I found links before about this, but can't at the moment.
http://www.guardian.co.uk/notesandqueries/query/0,5753,-22440,00.html
[broken link removed]

I'm sure it would it easy to work out if they were bothered to try. That said I've never a detector van and am inclinded to believe that one doesn't exist, as you'd see one if they did in fact have them. They just send a letter to people not on their database, 9 time out of 10 the person will have a TV.


----------



## z108 (23 Jun 2007)

If detector vans actually exist, then I would think someone living in the middle or back of of a dense and gated apartment block would appear to be safe.
Its' funny to me that if they exist, we never get to see them on TV  in this age where everyone is interviewed in their job and gets 5 minuites of fame.



Are there any legal case studied available concerning TV license prosecutions and if any were successfully defended ?

If NTL (which I have  currently) introduced cable broadband to my area,  wouldnt I be able to say I only am in NTL and the 'snitched' database solely to use the internet and not to watch TV ? I presume I have the right also to pay for a service I dont use. And are there no data protection issues regarding NTL giving customer lists to the government or is the government universally entitled to this information by legislation also ?

Does Sky similarly give out information? Sky apparently are based abroad. I have been interested lately in the concept of buying a free to air satellite dish for less than 1 years NTL fees e.g here www.satellite.ie and watching TV for free thereby bypassing having to pay NTL whos fees seem to have increased a lot lately. In this case I would be on nobodys list. In theory I could presumably place the dish on the back of my house where no inspector could see it.
I wonder then what case the TV license inspector can make against me in such a hypothetical situation where no TV set of any description can ever be associated with me ?


----------



## bond-007 (24 Jun 2007)

They would probably obtain a search warrant as per their own SOP.


----------



## z108 (24 Jun 2007)

bond-007 said:


> They would probably obtain a search warrant as per their own SOP.

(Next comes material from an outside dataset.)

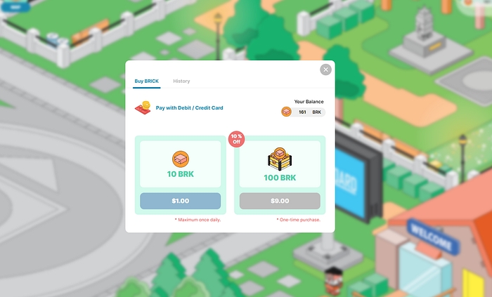 During the prototype testing phase, active participation is encouraged from all users within the metaverse. As users engage in various activities and utilize the available features, such as Shop to Earn and Game Center, they have the opportunity to accumulate Brick, the exclusive in-game currency.

But not after asking to enter my house, thereby giving me enough warning ,  ?


----------



## bond-007 (24 Jun 2007)

sign said:


> But not after asking to enter my house, thereby giving me enough warning ,  ?


Correct.


----------



## so-crates (25 Jun 2007)

Have a slightly different problem. I don't have (nor never have had) a television but the system is set up on the presumption that I am trying to avoid paying for it. Their calling card provides no place to state such so I rang them - after finally tracking down which office to ring, their website is appallingly uninformative - and was told to just write on the card that I didn't have a TV, sign it and send it back to them. Despite this I still got the menacing letter stating that I was being unco-operative, so I rang to explain that as I work quite far from home and am frequently abroad, I am not generally going to be at their beck and call but that if they truly wanted to get in I was happy to have someone there within ten minutes of their arriving at the door if they were willing to ring me and say they were outside but apparently this constitutes prior warning and they wouldn't agree. I am just waiting for them to send the next rude missive at this stage as the chances of them calling at a convenient time to me are vanishingly small!! It does all appear though to be working on the presumption of guilt with opportunity for clarification only on their terms which to me seems completely unfair.


----------



## so-crates (25 Jun 2007)

BTW - if you are wondering the tv licence office for Carlow is in... Birr. Eminently sensible - especially as their website only lists the offices not the areas that they control!


----------



## bond-007 (25 Jun 2007)

They can't prosecute unless you have a tv and they must prove that in court. I wouldn't worry about them.


----------



## z107 (25 Jun 2007)

> How do they detect an aerial? A lot of places have no visible aerial.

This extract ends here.